My gratitude for two pieces published in journals recently:
My essay “Spiderwebs and Thimbleberries” in the current print issue of Indiana Review. This piece weaves reflections on walking, eco-anxiety prompted by Pacific Northwest drought, and my experiences as a prospective juror in a federal trial in Seattle. Plus birds!

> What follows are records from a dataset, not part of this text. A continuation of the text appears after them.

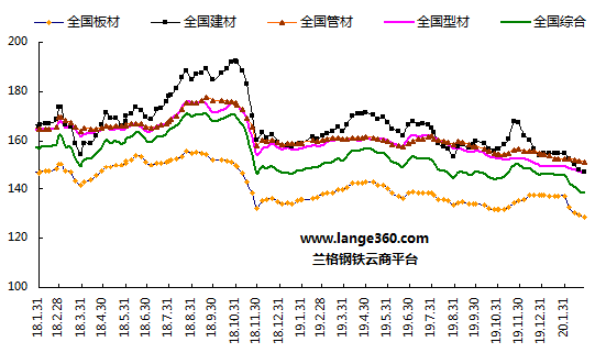 2月份,春節(jié)因素疊加新冠疫情影響,鋼鐵下游需求異常疲軟,廠庫、社庫均創(chuàng)歷史新高,供需矛盾突出,國內(nèi)鋼鐵市場震蕩下行。據(jù)蘭格鋼鐵云商平臺監(jiān)測數(shù)據(jù)顯示,截至2月28日,蘭格鋼鐵全國鋼材綜合價格指數(shù)為138.7,較上月末下降5.0%,年同比下降7.4%。其中,建材價格指數(shù)為147.1,較上月末下降5.1%,年同比下降8.7%;板材價格指數(shù)為128.5,較上月末下降6.3%,年同比下降6.5%;型材價格指數(shù)為146.8,較上月末下降1.7%,年同比下降7.1%;管材價格指數(shù)為151.3,較上月末下降0.9%,年同比下降5.6%(詳見圖1)。
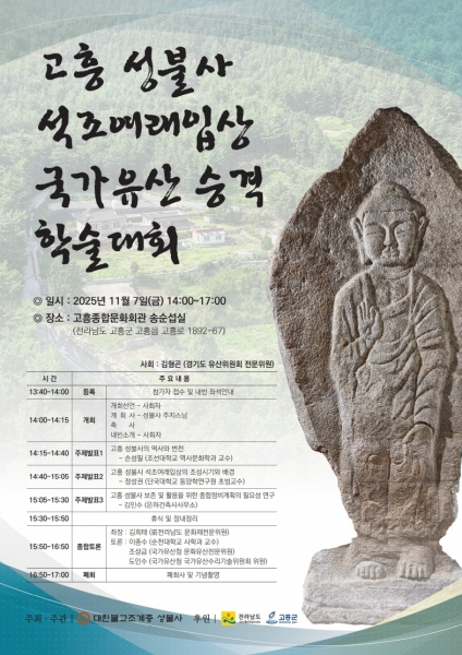 전라남도 유형문화유산 제250호인 ‘고흥 성불사 석조여래입상’의 국가유산적 가치를 재평가하고 성불사를 비롯한 고흥 지역 불교문화유산의 역사적 의미를 재조명하기 위해 마련됐다.
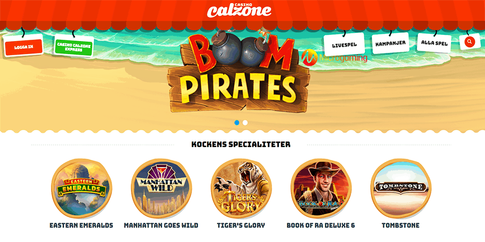Denna casinosida bjuder på något alldeles extra. Inte nog med att den har en kul layout med animeringar och välkomnande färger så har den ett spännande innehåll som vi har tittat på lite extra. Här bjuds det på massor av underhållande spel som klassiska slots, jackpotspel, bordsspel, live spel och myntspel. Casino Calzone har valt att kalla utvalda spel för kockens specialiteter. Lite kul och annorlunda tema som vi inte stött på hos något annat casino. Är du ny spelare behöver du öppna ett konto. Du loggar sedan in antingen via din e-post eller via bank ID. Superenkelt och smidigt. Välj mellan att logga in direkt och spela eller Calzone express för att först göra en insättning och sedan spela.
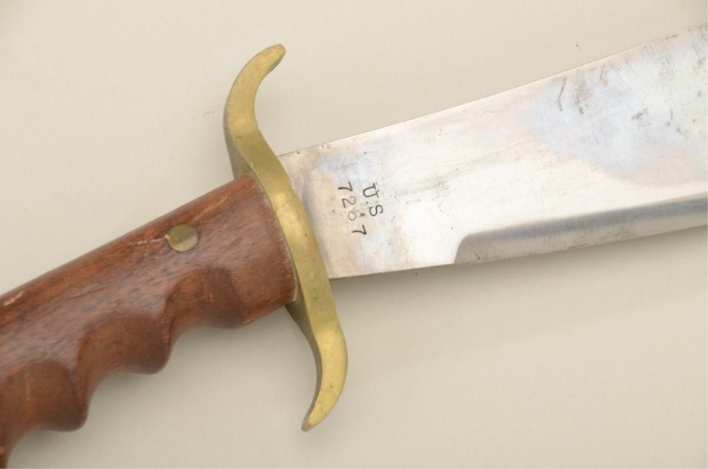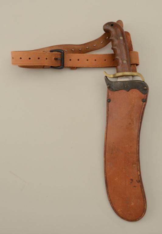 U.S. Springfield Armory Bolo knife with RIA marked leather sheath and belt, 1908 dated knife and 1912 dated sheath; both in overall very good condition. Est.: $200-$400.

My poem “Placebo Effect,” reprinted from my collection Impossible Lessons in the online journal Braided Way:
PLACEBO EFFECT
So I go to the doctor of philosophy
for my annual metaphysical. He asks me
the usual questions: Any irregularity
with your epistemology? Are the meds
still helping with those intermittent bouts
of doubt? I tell him Yes, but that recently
it has taken on a hyper-Cartesian
tinge, going beyond the use of “not”
as a helpful tool for testing a suspect
reality. It has progressed to a troublesome
tendency toward generalized negation, a habit
of rejecting every supposition. The doc says,
Then we’d better increase your dosage
to get this under control. With your
phenomenological pressure so elevated, I think
you are at risk of rupture. Well, I say,
that may be, but how would you know?
He’s good, that doc. He comes right back
with How do you know that you’re not?
So we agree I’ll try a higher dose.
But don’t go thinking I am going to believe
that it will work.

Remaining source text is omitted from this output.